It is impossible for everyone to sell at the top before the implosion; the assets are owned by someone all the way down.
The central bank/state plan for 2015 is a continuation of the same plan that's been in play since 2009: drive everyone with any cash or capital into ruinously risky bets. The problem for the central bankers/states driving everyone into risk assets is the yields on these bets are entering the exhaustion zone of marginal returns.
In other words, what worked wonderfully for years no longer works at all.
Another way of saying the same thing is apparent stability gives way to instability and apparent predictability gives way to unpredictability.
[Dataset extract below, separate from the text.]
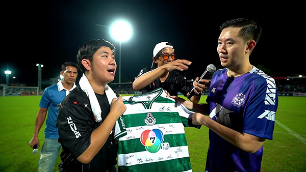 ช่วงพักครึ่งเวลาถือว่าเป็นไฮไลท์ เมื่อเบลล์ ขอบสนาม ลงมาประมูลเสื้อทีมหมอนทองวิทยา ที่มีลายเซ็นนักเตะของทั้ง 2 ทีมครบทุกคน ประมูลเริ่มต้นที่ 50,000 บาท ก่อนจะไปจบที่ 320,000 บาท และผู้ที่ได้ไปคือนายสุทัศน์ บุญรอด อายุ 40 ปี ซึ่งเป็นผู้บริหารบริษัทที่ผลิตชุดแข่งให้ทีมหมอนทองวิทยา โดยนายสุทัศน์ กล่าวสั้นๆ ว่า เสื้อตัวนี้เท่าไหร่ตนเองก็ยอมสู้ ถามว่าตนเองเป็นคนผลิตเสื้อและอยากให้คนอื่นเซ็นเหมือนเสื้อตัวนี้ ก็ทำได้ แต่ที่ต้องการประมูลเพราะต้องการนำเงินให้น้องทีมหมอนทองวิทยา

The hubris described yesterday (2015: A World Ruled by Hubris, Willful Blindness and Desperation) arises from the overweening confidence of central bankers that this same tired gambit of pushing assets higher by pushing capital and speculative money into risk assets can be played successfully with no limits.
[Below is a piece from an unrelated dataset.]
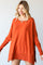An ultra-soft knit lightweight sweater featuring a wide rounded neckline, long dolman sleeves, side slits and ribbed hi-low hem.
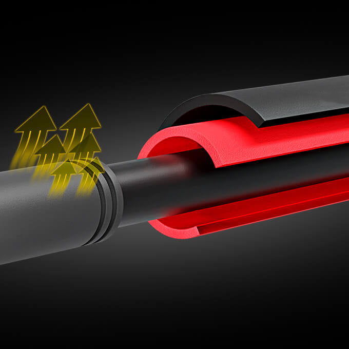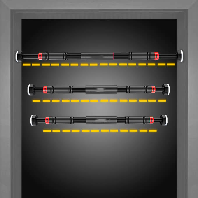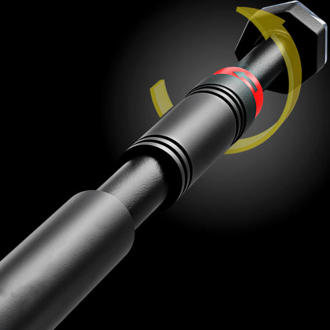 Sans utilisation de vis, la barre se maintient solidement en place grâce à une couche de caoutchouc extra-épaisse, offrant une prise ferme et fiable. Cette conception unique te permet de fixer la barre à différentes hauteurs, selon tes besoins d’entraînement, tout en garantissant une stabilité optimale.

But there are limits. A short list of limits might include:
1. Marginal borrowers/buyers: the game now is to lower interest rates and mortgages rates so ever-more marginal auto and house buyers can qualify for ever-less prudent loans.
This works until it doesn't, as marginal borrowers/buyers are last on, first off: they default at the first lay-off, medical emergency, etc. Defaults tend to pyramid in recessions as lay-offs and financial stress spreads quickly through those living paycheck to paycheck.
2. The Greater Fool: All Ponzi schemes rely on an ever-expanding pool of greater fools who buy into the scheme and reward the previous (much smaller) cohort of greater fools. Ponzi schemes fail because the pool of greater fools is finite, but the scheme demands an ever-expanding pool of participants to function.
All Ponzi schemes eventually fail, though each is declared financially sound because this time it's different (though it never is). The number of greater fools required to keep the scheme going eventually exceeds the population of marginal borrowers/buyers who have yet to buy in.